Minke Whale is consumed by the bucket load in Iceland, but it has never been considered endangered. Whale meat can both be eaten raw or cooked. Whale meat is red meat, similar to a beef steak, but softer and leaner – and often described as a cross between beef and tuna! You can find whale pieces as street food in the form of sushi, and even whale kebabs!

Laufabrot is a traditional kind of Icelandic bread originating from the northern but now eaten throughout the country. It is a round, very thin flat cakes with a diameter of about 6 inches, decorated with leaf-like, geometric patterns and fried briefly in hot fat or oil. Laufabrauð can be bought in bakeries or made at home, but for tourists to Iceland, it is best served fresh from the street vendors!

Fiskisuppe
Skyr
Gellur (otherwise known as Cod’s Tongues)

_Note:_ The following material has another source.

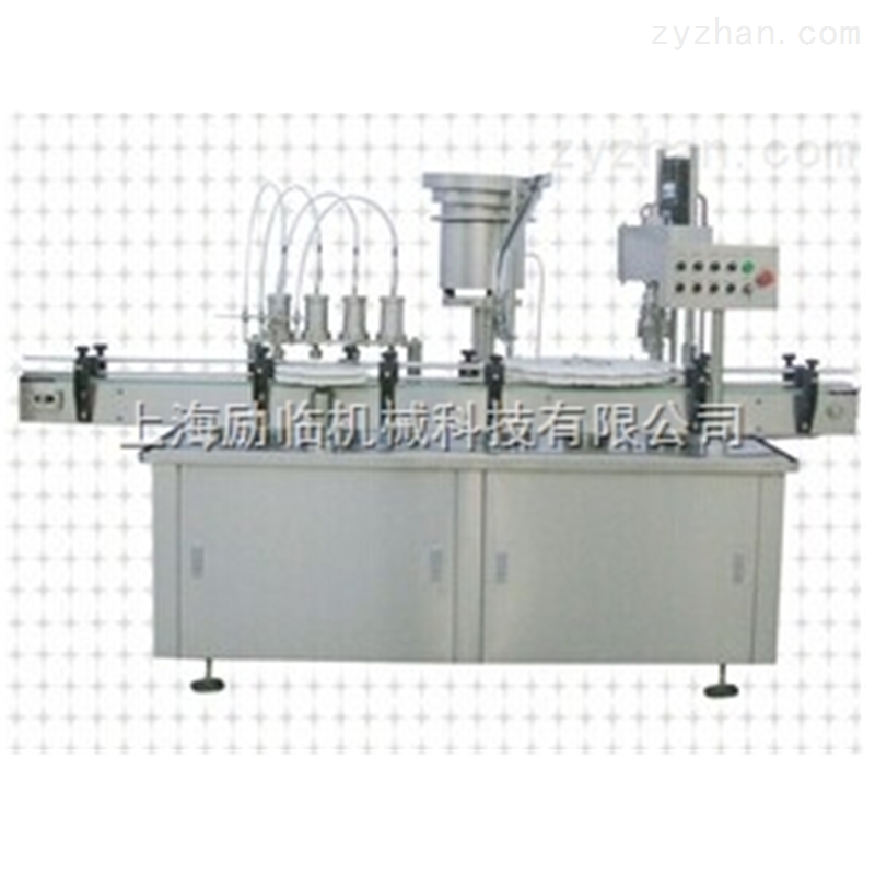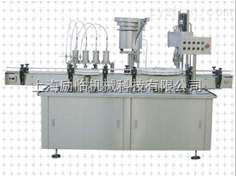 液体灌装旋盖机:本设备使用于塑料瓶,玻璃瓶的灌装,上盖,封口作业。可满足口服剂,外用剂等剂型的生产需要,也可用于农药,化妆品,食品等行业的灌装封口作业。本机有直线式和直角式两种类型,更广泛的使用于不同条件的生产场地。采用快卡式不锈钢泵,灌装精确,拆卸消毒方便。恒扭矩旋盖,气动保护装置,保证封口的密闭性。可选配液面检测,封口密闭检测系统,安全防护性能好。

Fiskisupa, when fresh off the stove, can be a godsend during those sub-zero Icelandic winters summers. This fish soup is most commonly cream-based and tastes delicious when sprinkled with small herbs and vegetables. You just have to enjoy Fiskisupa with some Laufabrot!

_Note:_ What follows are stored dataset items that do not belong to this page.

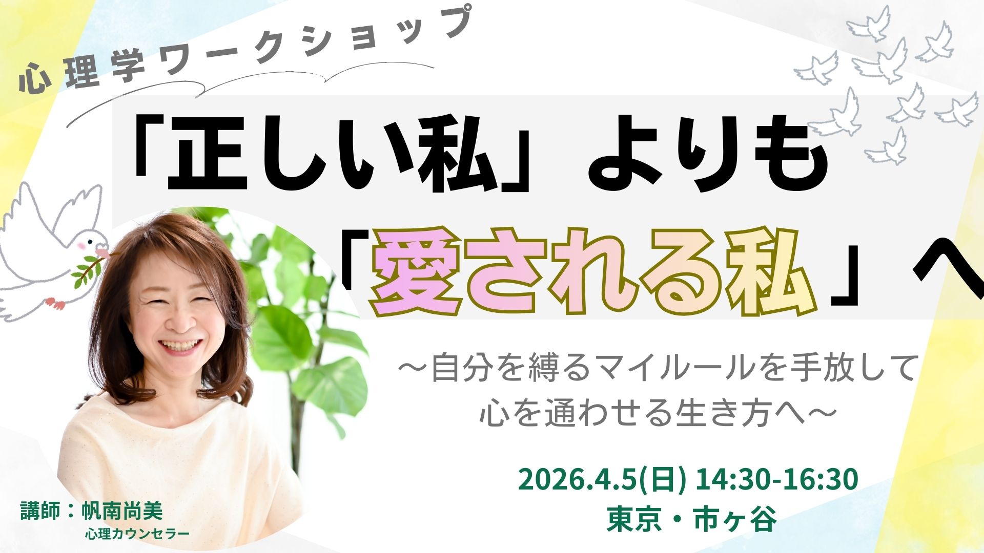 こんにちは、心理カウンセラーの帆南尚美です。 今日は、4月5日(日)に東京で開催する心理学ワークショップの告知をさせていただきます!
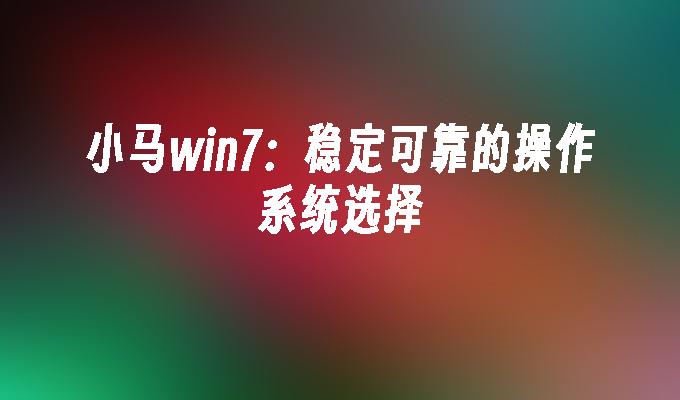 简介:在选择操作系统时,小马win7是一个稳定可靠的选择。本文将从多个方面对小马win7进行详细阐述,包括其工具原料、功能特点、使用方法等,以帮助读者更好地了解和使用这个操作系统。
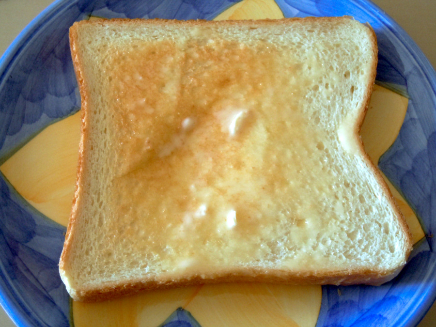 熱で溶けた感じが、喫茶店のモーニングのトーストっぽくてウマーです。
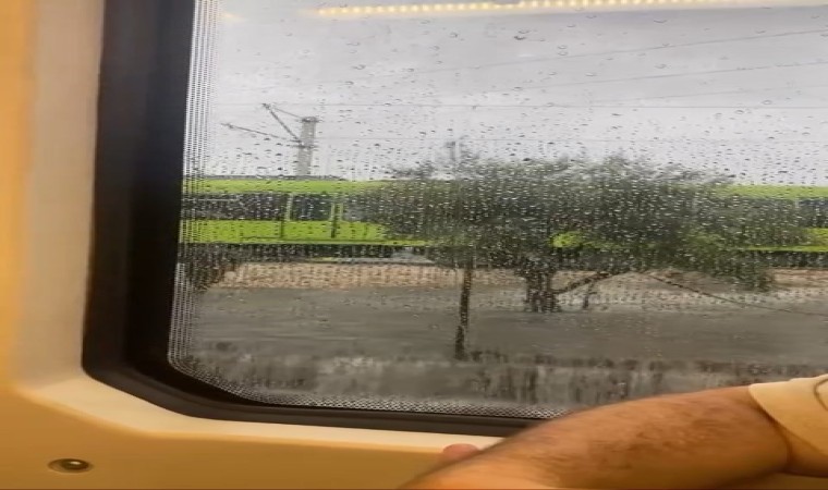 Bursa’da yaklaşık 1 saat süren sağanak yağış, hayatı felç etti. Vatandaşlar hazırlıksız yakalandığı yağmur sebebiyle ne yapacağını şaşırırken, yoğun yağış sebebiyle metro seferleri de aksadı. BURULAŞ, yaptığı açıklamayla Acemler-Ataevler istasyonu arasının geçici süreliğine ulaşıma kapatıldığını açıkladı. Tren içerisinde sağanak yağmura yakalanan vatandaşlar ise, tedirgin bir şekilde dışarıda olan biteni izledi. Yetkililerin uyarısıyla trendeki vatandaşlar aşağı indirildi.

Gellur is another disgusting – yet quite popular – street food from Iceland, and is basically the muscle tendons from behind Cod tongues. They are fleshy, white, and very, very slimy. As street food, you can find Gellur in fishmongers used to have them, although they are not common. Gellur reminds me of Jellied Eels from British street food.

Skyr is an Icelandic cultured dairy product with the consistency of strained yogurt but has a much milder flavour. It is technically classified as cheese, although widely regarded as yogurt. Skyr has a slightly sour dairy flavour, with a hint of residual sweetness. It is traditionally served cold with milk and a topping of sugar.

Pylsur

Pylsur Ein med ollu Hotdog is my wildcard for the best street food in Iceland. It comes from a hotdog stand in Reykjavik (Baejarins Beztu) and is very famous as even ex-president Bill Clinton bought a snack here a few years ago during a visit to the city. If you want to go the whole hog and order a “traditional Icelandic hotdog” then you need to ask for “everything”: fried and raw onions, ketchup, sweet mustard, and whatever else on offer. Baejarins Beztu is very famous and popular so expect to wait in line for your dog. If you aren’t visiting Reykjavik and are stuck in other parts of the country, well…you’ll have to make do with sheep’s testicles and fermented shark!